→ **RECORDS PROVIDED**
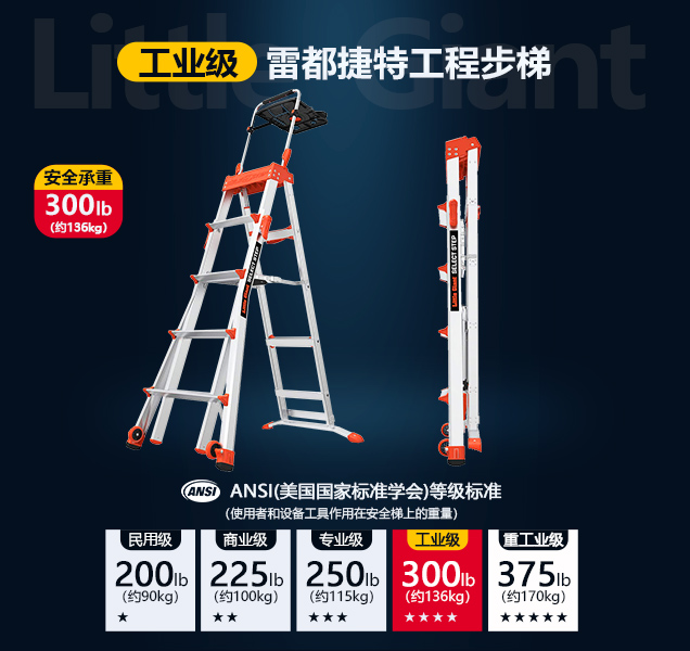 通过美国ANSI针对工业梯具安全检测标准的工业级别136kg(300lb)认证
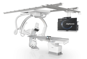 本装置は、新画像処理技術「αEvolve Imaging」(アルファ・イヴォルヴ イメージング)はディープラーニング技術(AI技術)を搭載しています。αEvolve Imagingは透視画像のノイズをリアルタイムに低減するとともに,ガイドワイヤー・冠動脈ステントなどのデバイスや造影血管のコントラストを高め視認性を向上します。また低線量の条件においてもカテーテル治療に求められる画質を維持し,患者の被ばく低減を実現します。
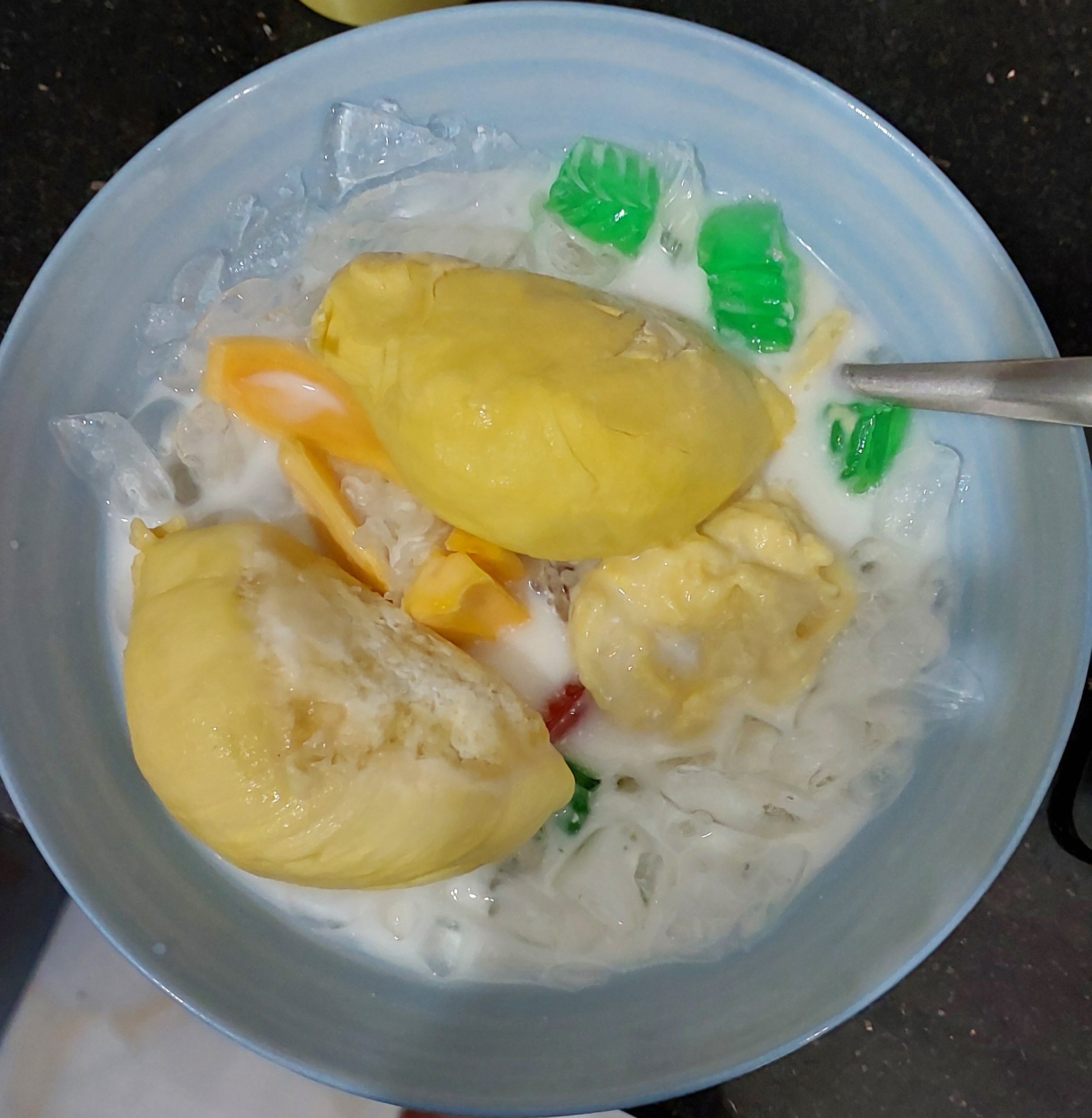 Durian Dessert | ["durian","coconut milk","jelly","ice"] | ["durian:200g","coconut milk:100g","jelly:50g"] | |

--

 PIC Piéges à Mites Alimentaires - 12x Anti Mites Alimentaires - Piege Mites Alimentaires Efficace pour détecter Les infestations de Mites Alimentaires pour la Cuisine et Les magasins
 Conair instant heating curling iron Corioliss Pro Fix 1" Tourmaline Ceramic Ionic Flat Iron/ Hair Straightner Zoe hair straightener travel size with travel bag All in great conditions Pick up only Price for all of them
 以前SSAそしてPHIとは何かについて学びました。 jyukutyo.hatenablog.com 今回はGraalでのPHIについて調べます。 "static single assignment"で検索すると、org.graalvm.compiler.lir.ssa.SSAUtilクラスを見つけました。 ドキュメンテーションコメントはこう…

--

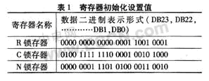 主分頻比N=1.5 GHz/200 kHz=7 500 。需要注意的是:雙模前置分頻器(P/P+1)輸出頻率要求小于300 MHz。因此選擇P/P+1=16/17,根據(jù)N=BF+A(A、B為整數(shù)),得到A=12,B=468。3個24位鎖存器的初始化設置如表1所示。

→ **YOUR TASK**
Look above for the line holding "通过美国ANSI针对工业梯具安全检测标准的工业级别136kg(300lb)认证" and output everything from it down to the line holding "Durian Dessert |", both ends included, exactly and without images.

→ **RESPONSE**
 通过美国ANSI针对工业梯具安全检测标准的工业级别136kg(300lb)认证
 本装置は、新画像処理技術「αEvolve Imaging」(アルファ・イヴォルヴ イメージング)はディープラーニング技術(AI技術)を搭載しています。αEvolve Imagingは透視画像のノイズをリアルタイムに低減するとともに,ガイドワイヤー・冠動脈ステントなどのデバイスや造影血管のコントラストを高め視認性を向上します。また低線量の条件においてもカテーテル治療に求められる画質を維持し,患者の被ばく低減を実現します。
 Durian Dessert | ["durian","coconut milk","jelly","ice"] | ["durian:200g","coconut milk:100g","jelly:50g"] | |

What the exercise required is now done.